Japanese, Korean, and Vietnamese are not linguistically related to Chinese, and in order to make Chinese characters work in those languages with radically different grammar, many adaptations had to be made. In many cases in these languages, characters different from those used in Chinese are used for words or ideas of the same meaning. Also, many similar characters with identical meanings are written with slight differences. One example is black, which is written as 黒 (kuro) in Japanese, but as 黑 (hēi) in Chinese. In the twentieth century, thousands of simplified characters were created or adopted in mainland China, creating a distinction between, for example, 汉 in modern standard Chinese, and 漢 in traditional characters still used outside of mainland China, for example, Taiwan and Hong Kong.
For these reasons, particularly in China and Japan, where Chinese characters are used most often, it is frequently necessary to distinguish between Chinese Chinese characters and Japanese Chinese characters (though in English the distinction can often be made well enough by using the respective words hanzi and kanji).
The earliest Chinese characters are the so called "oracle script" or (甲骨文) jiǎgǔwén during the Shang Dynasty, followed by the bronzeware script or (金文) jīnwén during the Zhou Dynasty. These scripts no longer serve as anything but a source for scholars.

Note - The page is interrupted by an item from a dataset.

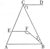 30.如下图,△ABC中,∠A=62°,作CD∥AB,点E在AC上,点F在△ABC内,且∠FEC=62°,连接BF。请你探索∠1、∠2、∠F三个角之间的关系,并给出证明。

The first script that is still in (restricted) use today is the "seal script" or 篆書[篆书] zhuànshū. It is the result of the efforts of the first emperor of China, Qin Shi Huang, in the standardization of the Chinese script. The Seal Script, as the name suggests, is now only used in artistic seals. Few people are still able to read the seal script, although the art of carving a traditional seal in the seal script remains alive in China today.
Scripts that are still used regularly for print are the "clerk script" or 隸書[隶书] lìshū, the "Wei Monumental" or 魏碑 wèibēi, the "Regular Script" or 楷書[楷书] kǎishū, the "Song Style" or 宋體[宋体] sòngtǐ (only in printing), and the "running script" or 行書[行书] xíngshū. Modern Chinese handwriting is usually modeled on the Running Script.
Finally, there is the "draft script" (also called "grass script"), or 草書[草书] cǎoshū. The draft script is an idealized calligraphic style, where characters are suggested rather than realized. Despite being cursive to the point where individual strokes are no longer differentiable, the draft script is highly revered for the beauty and freedom that it embodies. Many simplified Chinese characters are based on this style.
Main article: radical
Each character has a fundamental component, or radical (部首 Chinese: bù shǒu, Japanese: bushu, literally "initial portion"), and this design principle is used in Chinese dictionaries to logically order characters in sets.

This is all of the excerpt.